__Dataset extract__.

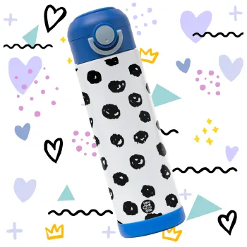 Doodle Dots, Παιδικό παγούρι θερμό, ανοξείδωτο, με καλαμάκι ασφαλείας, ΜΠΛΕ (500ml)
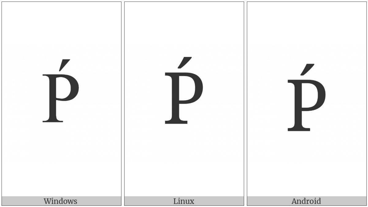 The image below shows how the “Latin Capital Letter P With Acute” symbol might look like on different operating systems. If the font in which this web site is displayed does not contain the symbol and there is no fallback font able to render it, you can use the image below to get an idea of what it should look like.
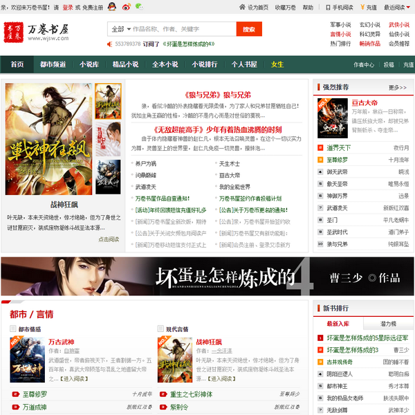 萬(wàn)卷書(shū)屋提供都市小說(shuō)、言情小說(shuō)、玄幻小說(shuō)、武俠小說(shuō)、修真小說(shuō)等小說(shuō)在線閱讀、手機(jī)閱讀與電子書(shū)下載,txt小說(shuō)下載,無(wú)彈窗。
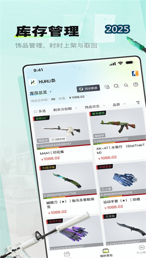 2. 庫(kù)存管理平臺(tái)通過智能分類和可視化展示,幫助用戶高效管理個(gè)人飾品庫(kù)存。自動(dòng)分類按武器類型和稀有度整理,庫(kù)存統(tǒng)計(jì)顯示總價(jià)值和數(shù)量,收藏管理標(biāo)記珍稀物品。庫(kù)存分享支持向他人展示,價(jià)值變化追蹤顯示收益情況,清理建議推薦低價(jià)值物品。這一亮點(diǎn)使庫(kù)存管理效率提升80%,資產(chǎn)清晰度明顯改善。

---

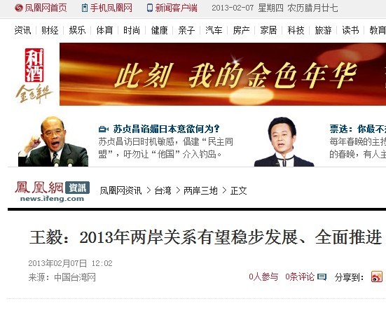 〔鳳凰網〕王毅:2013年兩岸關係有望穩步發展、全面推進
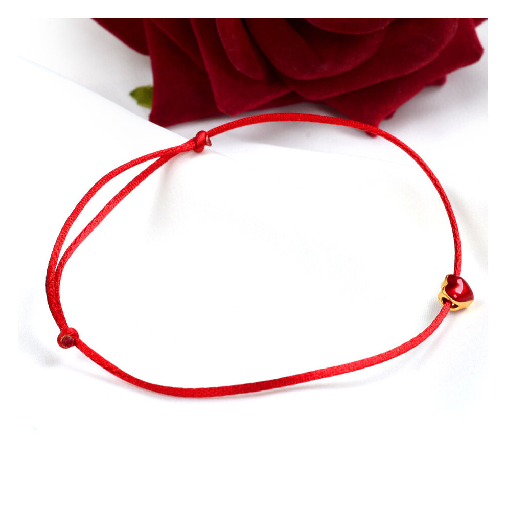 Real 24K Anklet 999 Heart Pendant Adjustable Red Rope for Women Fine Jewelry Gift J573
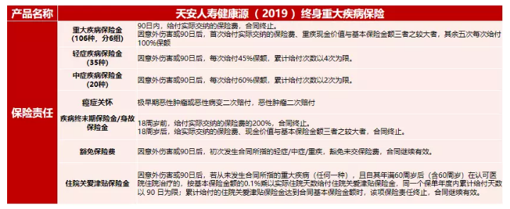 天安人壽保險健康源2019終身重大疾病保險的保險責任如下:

__Instructions to follow__.
From the listing above, please give again the lines that begin with the line holding "萬(wàn)卷書(shū)屋" and go on through the line holding "2. 庫(kù)存管理平臺(tái)通過", exactly, both ends included, minus any picture.

__Solution below__.
 萬(wàn)卷書(shū)屋提供都市小說(shuō)、言情小說(shuō)、玄幻小說(shuō)、武俠小說(shuō)、修真小說(shuō)等小說(shuō)在線閱讀、手機(jī)閱讀與電子書(shū)下載,txt小說(shuō)下載,無(wú)彈窗。
 2. 庫(kù)存管理平臺(tái)通過智能分類和可視化展示,幫助用戶高效管理個(gè)人飾品庫(kù)存。自動(dòng)分類按武器類型和稀有度整理,庫(kù)存統(tǒng)計(jì)顯示總價(jià)值和數(shù)量,收藏管理標(biāo)記珍稀物品。庫(kù)存分享支持向他人展示,價(jià)值變化追蹤顯示收益情況,清理建議推薦低價(jià)值物品。這一亮點(diǎn)使庫(kù)存管理效率提升80%,資產(chǎn)清晰度明顯改善。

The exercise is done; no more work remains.